Chemical Forums
Chemistry Forums for Students => High School Chemistry Forum => Topic started by: dummy_boy5 on November 05, 2020, 03:23:00 PM

Hey, guys!
Can someone explain how to solve this problem?
We have a reaction 3H_{2}+N_{2} :resonance: 2NH_{3}
Initial concentrations of N_{2} = H_{2} = 2 mol/L
Equilibrium concentration of NH_{3} is 0.5 mol/L
So, I have to somehow calculate the equilibrium constant, but don't know how to do it...

1. Write the equation of the mass action law.
2. From the given equilibrium NH3 concentration read how much nitrogen and hydrogen was used.
3. Calculate the remaining concentration of nitrogen and hydrogen
4. Fill in the values in the mass action law
Now its your work to show

K = [NH_{3}]^{2}/[N_{2}][H_{2}]^{3}
I don't have the initial concentration of NH_{3}
You mean to calculate the remains concentrations I have to subtract from the initial concentrations like this:
[N_{2}] = 2  3×0.5 and [H_{2}] = 2  0.5 ?
Is it correct?

Mass action law is correct.
Of course you don't have initial concentration of ammonia because its 0.
Figure out how much hydrogen and nitrogen was used to get 0,5 mol NH3.
If you have that then subtract each from the initial values.
The results fill in mass action law.

I think it should be like that:
[N_{2}] = 2  1/2×0.5 = 1.75 and [H_{2}] = 2  3/2×0.5 = 1.25
and K would be: K = 0.5^{2} / (1.75 × 1.25^{3}) = 0.073
Its my intuition, but I think its not correct though...

Yes its correct you got it.

I really appreciate your help, thanks!

One thing, the unit is missing.

One thing, the unit is missing.
The equilibrium constant is unitless as it is implicitly understood that each concentration is divided by the standard concentration (1 mol/L), removing any units.

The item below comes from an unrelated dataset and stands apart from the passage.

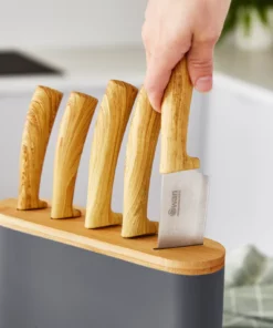 The 8-inch chef knife is perfect for mincing, slicing and chopping vegetables as well as jointing large cuts of meat. Effortlessly slice through crusty loaves of bread with the 8-inch bread knife, and tackle large cuts of meat with the 8-inch slicer knife. The 5-inch utility knife slices large vegetables and smaller cuts of meat, whilst the versatile 3.5-inch paring knife is great for everything from peeling fruits and vegetables to slicing and crushing garlic cloves.

That is wrong. The unit depends on the equation.
In this case.
K = [NH3]2/[N2][H2]3
The unit is (l/mol)^{2}.

That is wrong. The unit depends on the equation.
In this case.
K = [NH3]2/[N2][H2]3
The unit is (l/mol)^{2}.
That's a lousy chemistry. How are you going to calculate [itex]\Delta G^0 = RT \ln(K_p)[/itex] using K_{p} with unts?
Strict approach calls for unitless activities and for unitless equilibrium constant, what Meter wrote is perfectly correct.

That is what I learned.
https://www.toppr.com/ask/question/unitofequilibriumconstantis/

Just because the error is common doesn't mean the idea is right.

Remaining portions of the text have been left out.